Contents

DSpace contains functionality for statistics for which updated documentation can be retrieved in the official DSpace documentation on DSpace Statistics

Introduction

At the DSpace User Group Meeting 2005 in Cambridge there was some interest in developing statistics reporting for DSpace to a greater degree.

Initially DSpace came with a basic log file analyser which performed aggregation on the logged actions and produced a basic text report of system activity. Since then there have been a number of developments in statistics for DSpace, each with a different focus or methodology. Following discussions in Cambridge there seemed to be sufficient interest in stats development that we are proposing to work together to provide some sort of more advanced package or module to handle stats and possibly logging in DSpace. We would like to have the design process happen in public, and use this wiki page as the main point of contact for development.
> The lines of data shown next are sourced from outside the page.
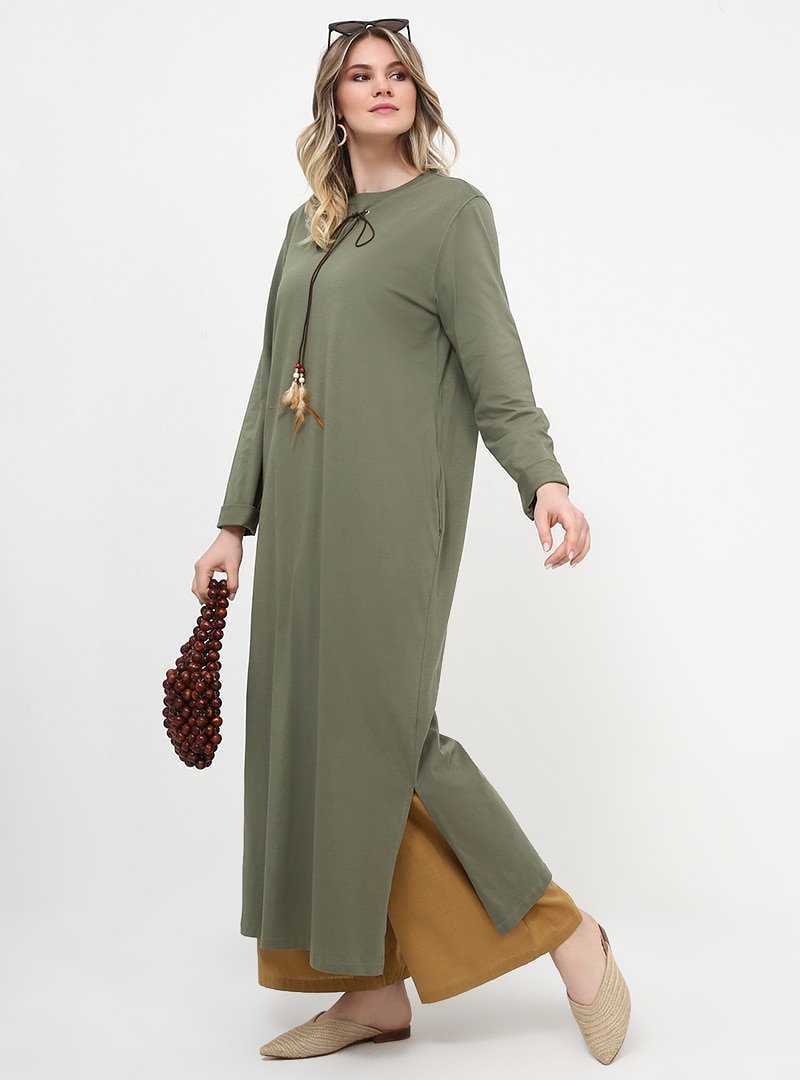 Alia Haki Yakası Bağcıklı Uzun Tunik
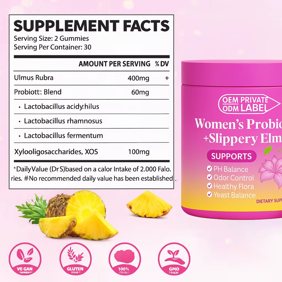OEM Women's Probiotic + Slippery Elm Cranberry Flavored Gummy Candy for pH Balance & Feminine Health 60 Gummies Effective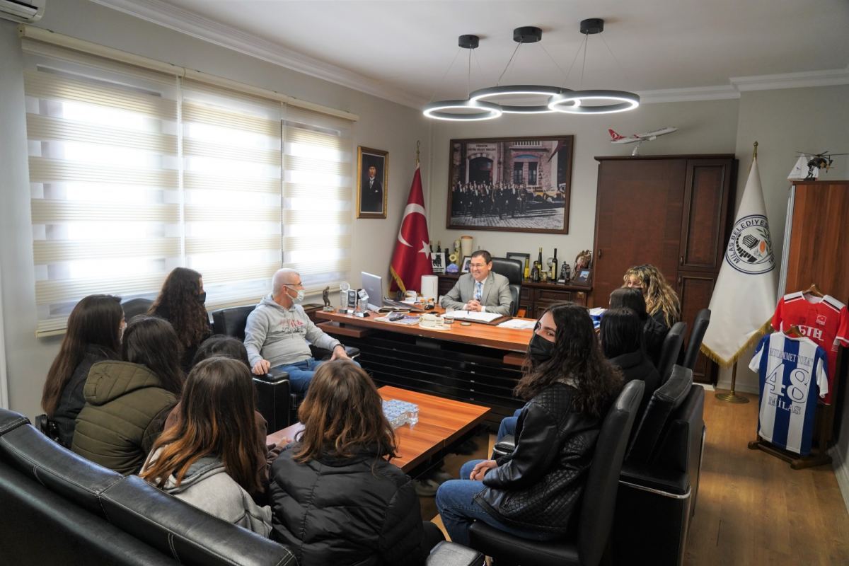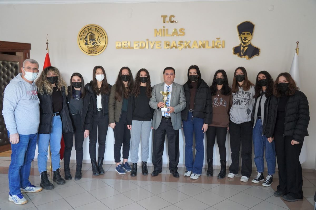 Milas Belediyespor Genç Kızlar Voleybol Takımı oyuncuları ve antrenör Eşref Mete, Milas Belediye Başkanı Muhammet Tokat’ı makamında ziyaret etti.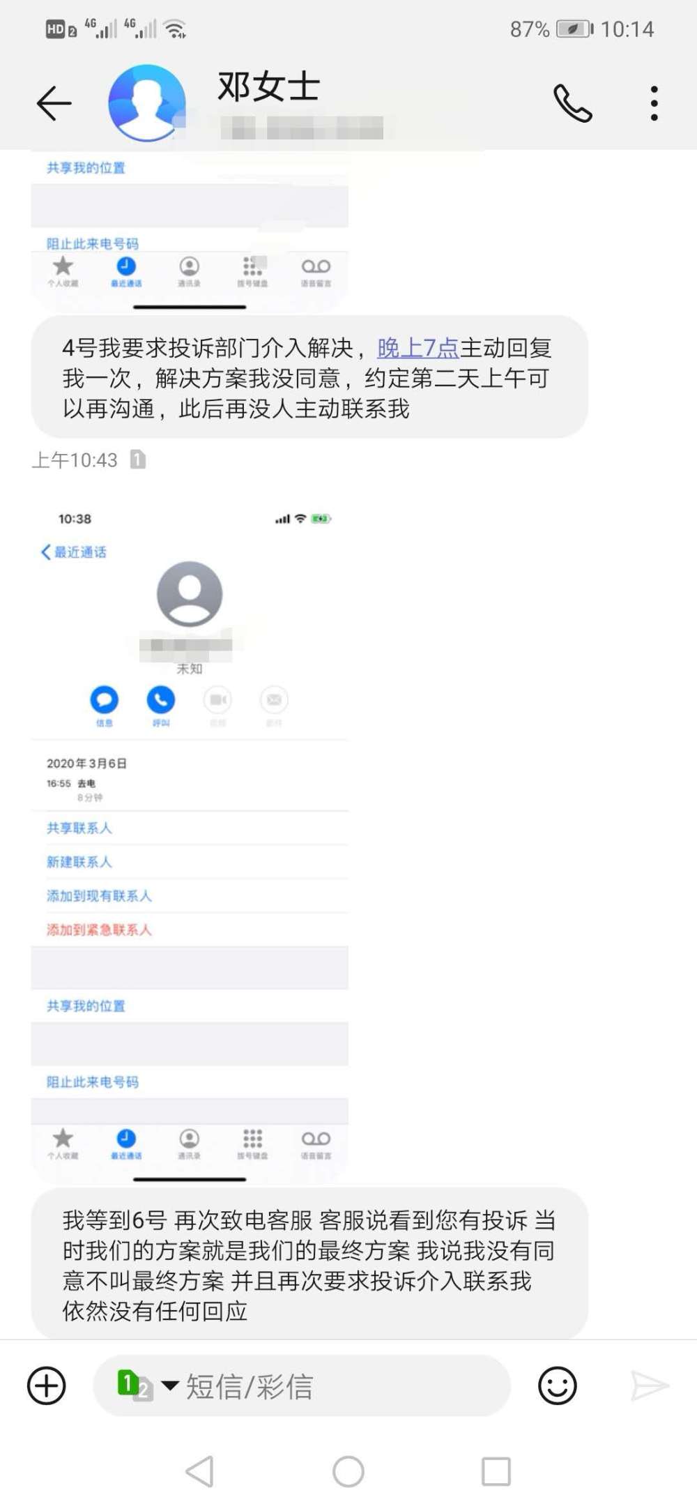 “我先后主动联系了他们三次,其中两次还另约了时间,但直接无任何反馈了。”继3月4日投诉无果后,邓为两天后再次致电客服。她告诉记者,平台想以代金券赔偿,但自己不愿意接受,要求再次协商。她诉求3倍金额赔偿且解释道歉。截至发稿,邓为称未得到满意的答复。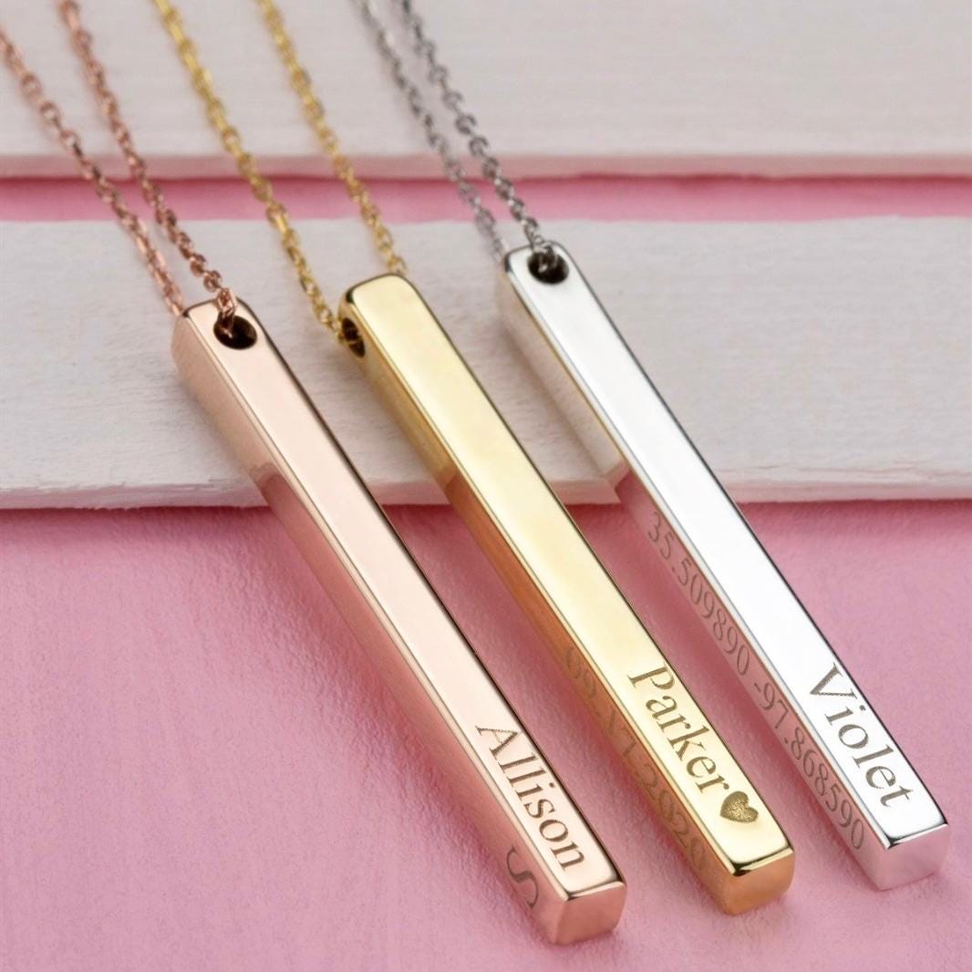 This personalized bar necklace is crafted from 925 sterling silver and customized with your chosen name, date, or meaningful word. Its minimalist and elegant design makes it perfect for everyday wear and a thoughtful gift for her.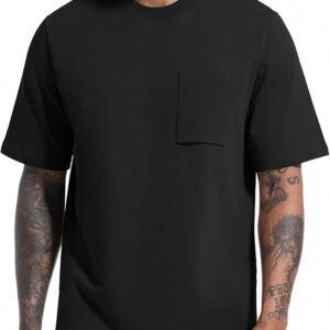VEIISAR Men’s Loose Fit Heavyweight Short-Sleeve Pocket Black T-Shirt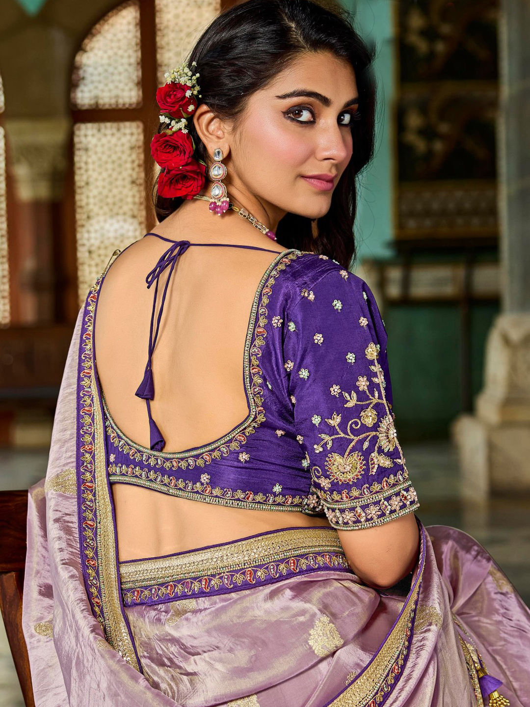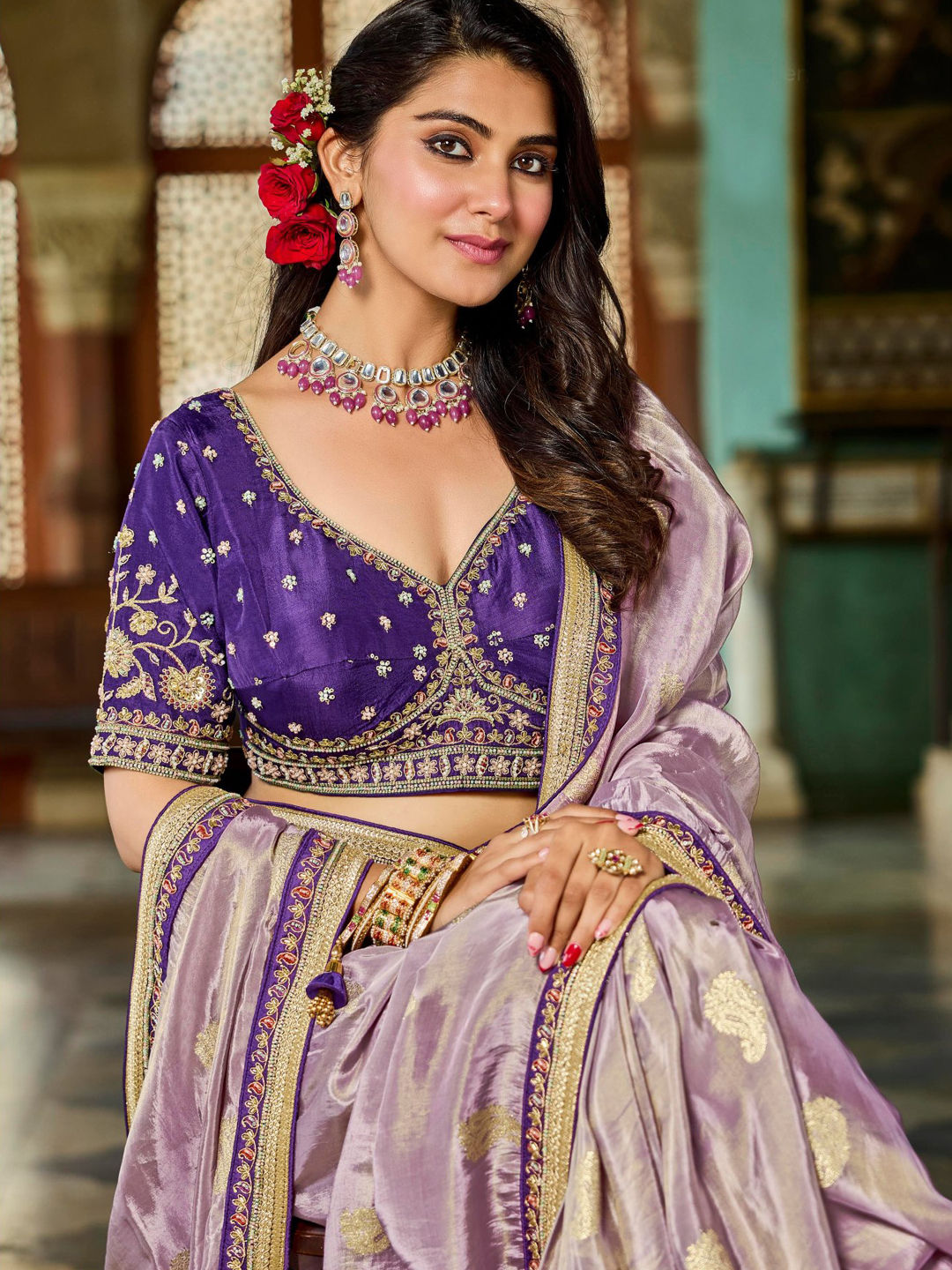 in Purple and Violet with Embroidered work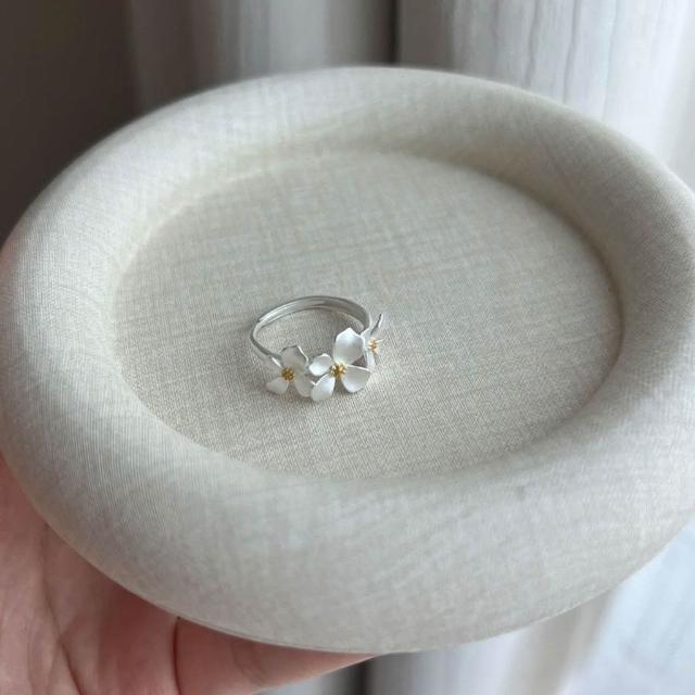 Imanchen925純銀新中式梔子花戒指女ins小清新時尚百搭小衆設計高級感指環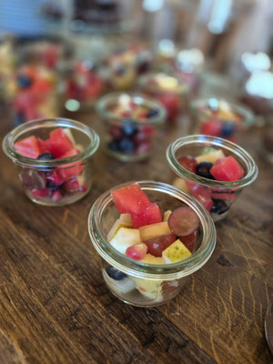Alles in kleinen Bissen, damit jeder Gast alles probieren kann.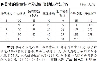 最低的個人繳費標(biāo)準(zhǔn)確定為30元,以20元為級差,向上設(shè)立五個檔次的繳費標(biāo)準(zhǔn),最高一檔為110元。參保農(nóng)民可根據(jù)各自的經(jīng)濟(jì)承受能力自愿選擇一檔繳費,多繳多得。《辦法》對經(jīng)濟(jì)組織設(shè)計了5個檔次的繳費標(biāo)準(zhǔn),從10元至50元不等;對于確無經(jīng)濟(jì)能力的經(jīng)濟(jì)組織,也可以暫不為參保人繳費。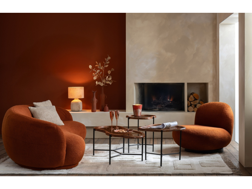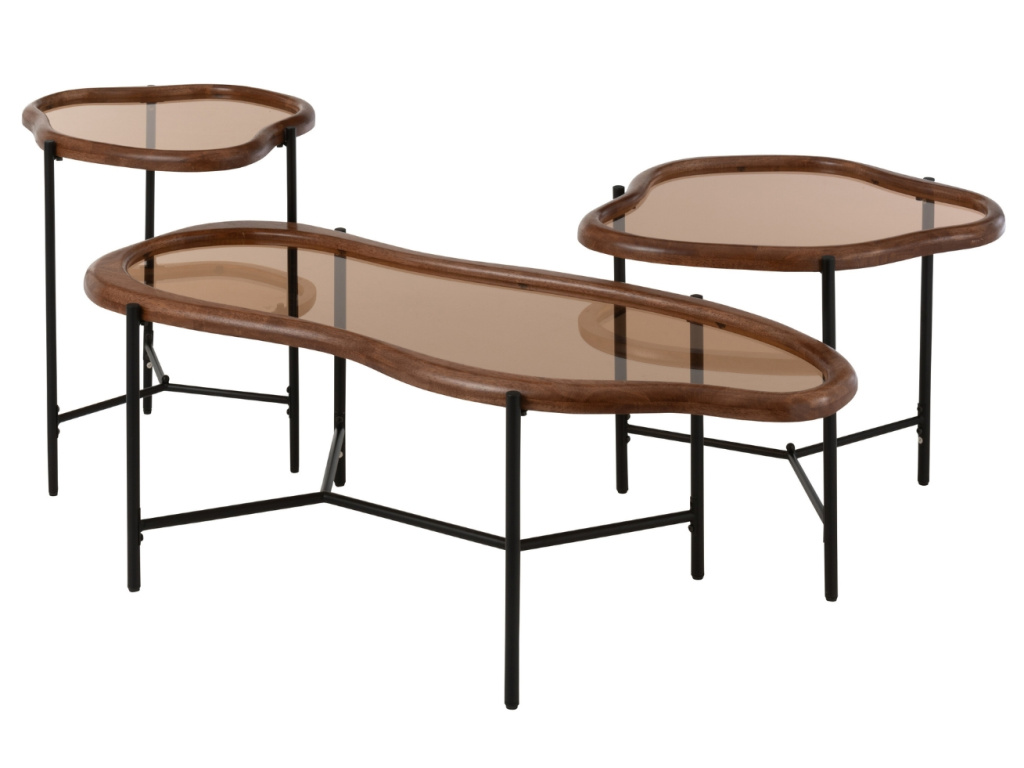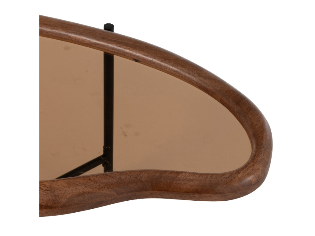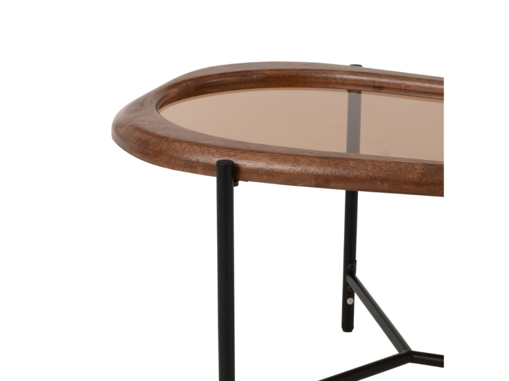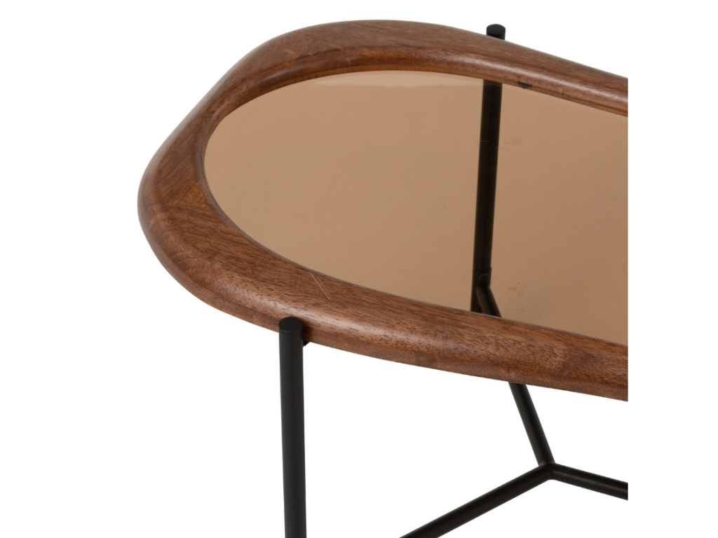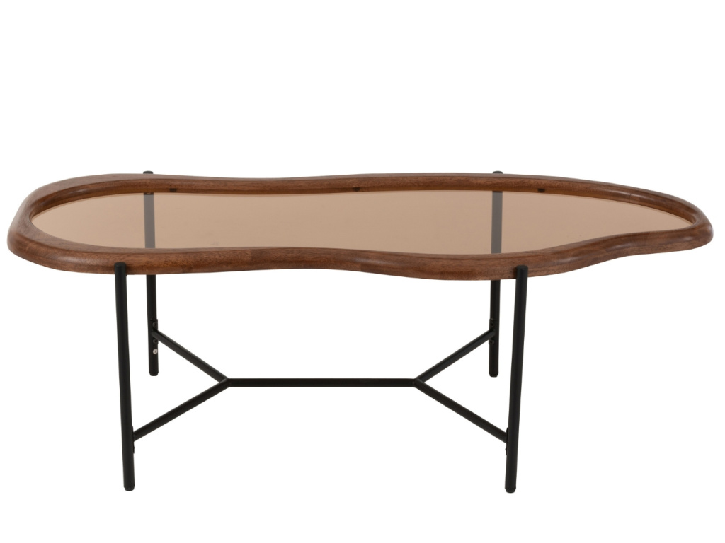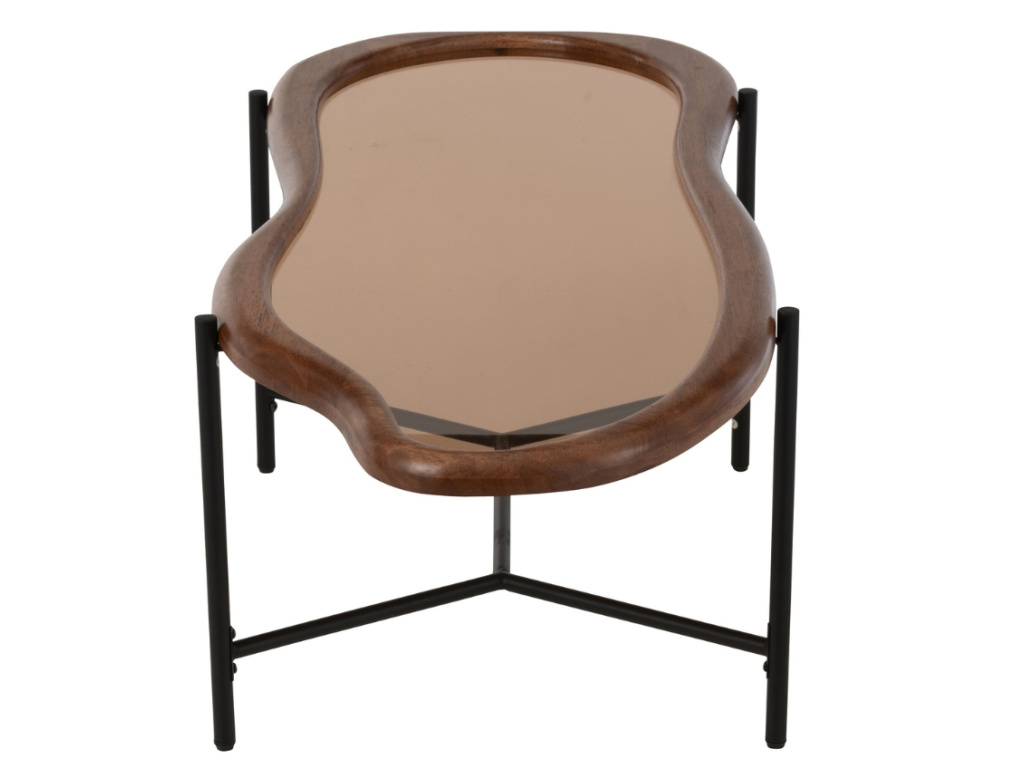 Konferenční stolek Mell přináší do obývacího pokoje harmonii tvarů. Jeho elegantní, organicky tvarovaná deska z tónovaného skla v dřevěném rámu působí jako umělecký objekt. Spojení s černou kovovou podnoží dodává stolku moderní a lehce industriální výraz. Jemně zvlněný tvar vytváří vizuálně zajímavý kontrast k přímým liniím nábytku. Díky větším rozměrům je ideální jako centrální prvek před sedačkou a poskytne dostatek místa pro kávu, občerstvení i designové doplňky. Tento kousek je perfektní volbou pro ty, kdo hledají něco nevšedního, ale stále vkusného.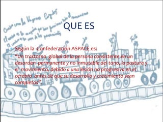 La parálisis cerebral infantil es un trastorno permanente del tono muscular, la postura y el movimiento causado por una lesión en el cerebro antes del desarrollo completo. Puede causar hemiplejia, diplejia o tetraplejia. Sus causas incluyen daños prenatales, perinatales o postnatales como infecciones, parto prematuro, encefalitis o falta de oxígeno. La parálisis cerebral se puede detectar desde el nacimiento o durante los primeros años de vida a través de signos precoces o síntomas le

It would seem sensible to take ideas and code from these and any other systems that people have developed to come up with something to meet needs.

Notes from Cambridge

During the statistics BOF session in Cambridge, a number of issues and thoughts came up regarding the challenges and requirements of DSpace statistics

We noted that there were at least 3 different types of statistics that may be interesting to people:

  1. Activity statistics - file downloads, user logins, search requests, etc.
  2. Archive statistics - number of items, number of types of items, etc.
  3. Administrative statistics - how long items spend in submission/workflow, etc.

The discussion noted the number of different approaches already in use (as given above). The main common need raised was for statistics for file downloads and viewing of items and other usage (so category 1 stats). The possibility of having a table or tables containing the raw activity data was discussed, as well as how this would be populated, what the performance implications would be and how to eliminate erroneous robot accesses. Also raised was the possibility of opening up such data for OAI harvesting, thus allowing the possibility of cross instance analysis of usage.

Also discussed was the possibility of a more structured approach to logging events (into the db) that would allow simpler querying of logged data (the current methods, as listed above, requiring regexp-based logic either in the aggregation or at the querying stages).

Development Discussion

There are a number of points to consider before getting too deep into development. These are listed below, please add any comments/ideas/additional issues.

Log4j

Should we be thinking about replacing log4j, overloading/extending it, leaving it as it is?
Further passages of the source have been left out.